→ Stored data
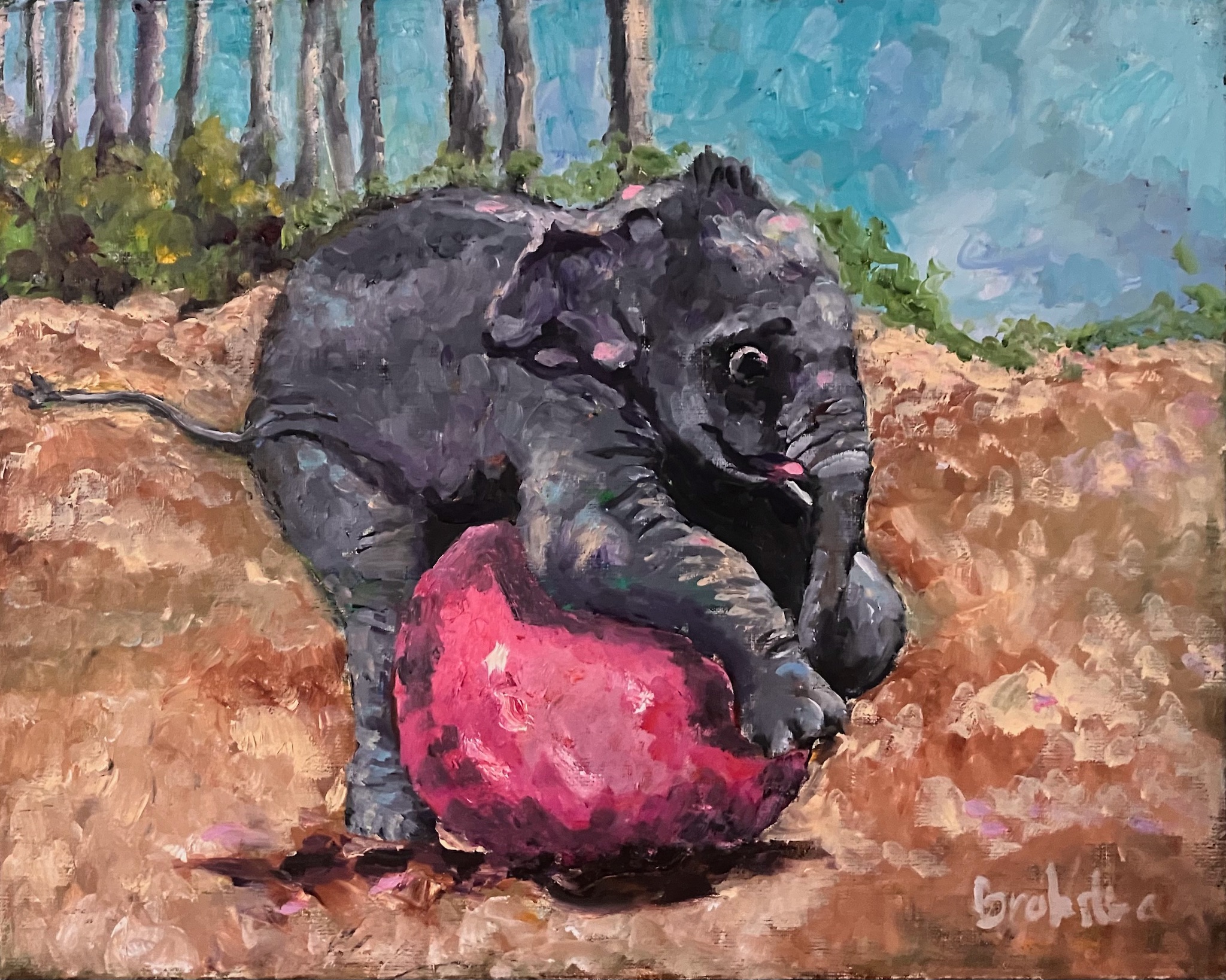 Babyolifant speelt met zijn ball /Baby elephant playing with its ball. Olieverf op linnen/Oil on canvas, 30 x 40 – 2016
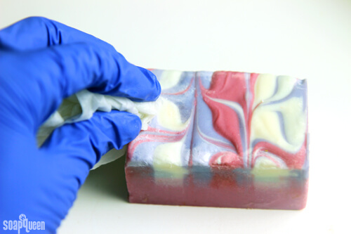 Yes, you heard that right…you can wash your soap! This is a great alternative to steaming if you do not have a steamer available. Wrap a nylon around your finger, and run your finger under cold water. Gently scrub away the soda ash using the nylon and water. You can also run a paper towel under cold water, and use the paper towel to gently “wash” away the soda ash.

...

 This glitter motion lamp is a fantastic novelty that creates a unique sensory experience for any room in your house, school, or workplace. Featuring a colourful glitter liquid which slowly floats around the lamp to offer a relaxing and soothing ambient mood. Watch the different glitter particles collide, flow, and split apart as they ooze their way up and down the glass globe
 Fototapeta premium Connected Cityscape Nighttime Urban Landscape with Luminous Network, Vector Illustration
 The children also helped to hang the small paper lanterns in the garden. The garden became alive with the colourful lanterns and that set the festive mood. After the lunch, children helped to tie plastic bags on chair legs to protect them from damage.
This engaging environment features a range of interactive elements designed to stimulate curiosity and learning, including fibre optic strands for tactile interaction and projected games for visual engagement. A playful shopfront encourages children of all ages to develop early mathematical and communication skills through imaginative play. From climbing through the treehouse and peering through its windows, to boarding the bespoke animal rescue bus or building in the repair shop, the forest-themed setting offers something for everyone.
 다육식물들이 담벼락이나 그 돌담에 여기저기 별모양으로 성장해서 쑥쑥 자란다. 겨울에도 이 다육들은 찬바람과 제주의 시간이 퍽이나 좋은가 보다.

→ Work instruction
Restate word for word the lines of the data above, starting at the line containing "This glitter motion" and ending at the line containing "Fototapeta premium Connected", both included, and nothing more.

→ Problem solution
 This glitter motion lamp is a fantastic novelty that creates a unique sensory experience for any room in your house, school, or workplace. Featuring a colourful glitter liquid which slowly floats around the lamp to offer a relaxing and soothing ambient mood. Watch the different glitter particles collide, flow, and split apart as they ooze their way up and down the glass globe
 Fototapeta premium Connected Cityscape Nighttime Urban Landscape with Luminous Network, Vector Illustration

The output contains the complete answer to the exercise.